This page created 26 August 2014, and last modified: 8 December 2015 (references rearranged)
The Equites Dalmatae passerentiaci is listed (102/5.16 in Ingo Maier's numbering scheme) as the fourth of the vexillationes comitatenses in the Magister Equitum's cavalry roster; it is assigned to his Gallic command as the (102/5.226) Equites Dalmatae passerentiacenses. Its shield pattern (100#14) as shown in various manuscripts, under the label (100.o) Passerentiaci, is as below:
The shield pattern has a red rim, a white boss (yellow in M), and a green main field. Except in B, the field is decorated by two small rectangles, somewhat taller than wide, in approximately the 2 or 3 and 10 or 9 o'clock positions of the shield; they are blue with green centres (O, P), yellow (M, and more square than oblong), or white (W). These boxes might well represent a pair of rectangular Imperial portraits, albeit at a scale too small to have been successfully drawn. The only other cavalry unit depicted with such a rectangular box is the Equites octavo Dalmatae (102/5.15), also in the Magister Equitum's Gallic command, which has its single example in the 12 o'clock position that was more typical for such portraits (e.g. see the Sagittarii iuniores Gallicani, 9.30); this was a particularly common position for shield decorations generally to appear during the Tetrarchy, 100 years before the Notitia was compiled; an example of a cavlaryman's shield showing such a motif can be seen in the Piazza Armerina mosaics in Sicily, as shown below:
The name Dalmatae comes from Dalmatia, from where a dozen or so auxiliary infantry cohorts were recruited in the first century; a few of these kept their names intact long enough to make it into the Notitia, such as the men under the Tribunus cohortis secundae Dalmatarum (154.27), responsible to the Dux Britanniarum. However, the great majority of Dalmatae units in the Notitia are, like the Equites Dalmatae passerentiaci, cavalry units.

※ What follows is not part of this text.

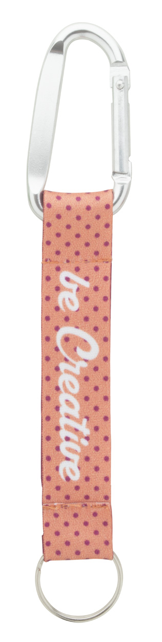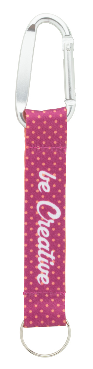 RPET přívěšek na klíče na zakázku s kovovou karabinkou, etiketou s označením RPET a kroužkem. Cena zahrnuje sublimační potisk na obou stranách, nezahrnuje tiskovou přípravu. Min. mn.: 100 ks.

They seem to have been a major component of the much-expanded cavalry forces raised in the 3rd quarter of the 3rd century; exactly how "Dalmatian" cavalrymen were distinguished from those of other units is not yet understood.
The epithet Passerentiaci might refer to "sparrows" or similar (passer being the Latin for small passarine birds such as sparrows), but perhaps more likely refers to an as yet unidentified place, such as the former town of Passaron in Molossian Epirus that was razed by the Romans, for example.